"Birthright Citizenship Looms as the Next Immigration Battle" (New York Times):
NOGALES, Ariz. — Of the 50 or so women bused to this border town on a recent morning to be deported back to Mexico, Inez Vasquez stood out. Eight months pregnant, she had tried to waddle north, even carrying scissors with her in case she gave birth in the desert and had to cut the umbilical cord.
“All I want is a better life,” she said after the Border Patrol discovered her hiding in the bushes on the Arizona side of the border with her husband, her young son and her very pronounced abdomen.
The next big immigration battle looming on the horizon centers on illegal immigrants’ offspring, who are granted automatic citizenship if born on American soil. Arguing for an end to the policy, long rooted in the Constitution’s 14th Amendment, immigration hard-liners describe a wave of migrants like Ms. Vasquez stepping across the border in the advanced stages of pregnancy to drop what are dismissively called “anchor babies.”
The reality at this stretch of the border is more complex, with hospitals reporting some immigrants arriving to give birth in America but many of them with valid visas who have crossed the border legally to take advantage of better medical care. Some are even attracted by an electronic billboard on the Mexican side that advertises the services of an American doctor and says bluntly: “Do you want to have your baby in the U.S.?”
As for women like Ms. Vasquez, who was preparing for a desert delivery, they are rare...
Despite being called “anchor babies,” the children of illegal immigrants born in the United States cannot actually prevent their parents from being deported. It is not until they reach the age of 21 that the children are able to file paperwork to sponsor their parents for citizenship. The parents remain vulnerable until that point.

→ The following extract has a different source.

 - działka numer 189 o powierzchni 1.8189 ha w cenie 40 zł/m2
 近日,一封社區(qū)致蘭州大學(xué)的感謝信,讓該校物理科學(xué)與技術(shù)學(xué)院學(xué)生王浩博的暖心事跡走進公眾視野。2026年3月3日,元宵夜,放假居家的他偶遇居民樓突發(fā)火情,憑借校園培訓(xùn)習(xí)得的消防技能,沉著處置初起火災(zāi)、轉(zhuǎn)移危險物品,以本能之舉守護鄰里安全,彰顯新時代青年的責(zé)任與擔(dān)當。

Maria Ledezma knows as much. Just off a bus that deported her from Phoenix to the Mexico border town of Nogales, she was sobbing as she explained the series of events that led her to be separated from her three daughters, ages 4, 7 and 9, all American citizens. “I never imagined being here,” said Ms. Ledezma, 25, who was brought to Phoenix from Mexico as a toddler. “I’ll bet right now that my girls are asking, ‘Where’s mom?’ ”
Blended families like hers are a reality across the United States. A studyreleased in August by the Pew Hispanic Center found that about 340,000 children were born to illegal immigrants in the United States in 2008 and became instant citizens...

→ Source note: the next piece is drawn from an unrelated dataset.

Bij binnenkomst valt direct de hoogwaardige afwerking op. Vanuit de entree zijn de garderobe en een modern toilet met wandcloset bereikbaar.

In April, Representative Duncan Hunter, Republican of California, one of those pushing for Congressional action on the citizenship issue, stirred controversy when he suggested that children born in the United States to illegal immigrants should be deported with their parents until the birthright citizenship policy is changed. “And we’re not being mean,” he told a Tea Party rally in Southern California. “We’re just saying it takes more than walking across the border to become an American citizen. It’s what’s in our souls.”
On the gates of Auschwitz there were posted the words Arbeit macht frei, or "work makes free." What gives this phrase its special horror is that it expresses, in fact, a true and profound moral principle. It is through labor, through service to others, that we come to be needed, respected by others, and thereby achieve a degree of self-sufficiency, independence, autonomy. To use this a slogan at Auschwitz was a diabolical mockery of this truth. It was the usual tribute of hypocrisy that vice pays to virtue; but it was also, as is often the case with hypocrisy, instrumental in oppression, since the false hopes it inspired helped to keep the prisoners-- who might have fought if they had been certain they had nothing left to lose-- docile. Yet from a God's-eye perspective there was a great aptness to the slogan, for the slogan condemned Auschwitz with a terrible eloquence; for there more than almost anywhere else the existential link between work and freedom was violate by human evil.
In Duncan Hunter's words there is the same diabolical irony. What he says is a profound truth. In the deepest sense, America is not just a matter of being born within particular borders: it is about values, beliefs, ideals, loyalties, "what's in our souls." But of course, the policy Hunter is advocating is the quintessential apostasy against this truth, for he wants to resort to any violence and injustice necessary to make sure that being American depends entirely on the accident of a person's being born to American parents. It is because he and his audience are uncomfortably conscious of the wicked meanness of this policy that Duncan Hunter has to talk idealistic hogwash to assuage their guilty consciences. Thus the noble truth that America is "in our souls" is abused as an instrument of injustice. And yet nothing could condemn Hunter and other fascist pseudo-Americans more eloquently than the words he himself uses. No one personifies "what's in the souls" of true Americans-- the love of freedom, the strength, the hard work, the entrepreneurial spirit, the values of faith and family-- than illegal immigrants who come here and raise themselves and their families by honest labor. Meanwhile, these American Milosevices preaching ethnic cleansing and apartheid-- the Fourteenth Amendment and birthright citizenship is the only really fundamental moral difference between the United States and apartheid South Africa-- are Americans on paper, but not in their souls. And America is in danger of losing its ideals as long as real, decent Americans treats them as if they were.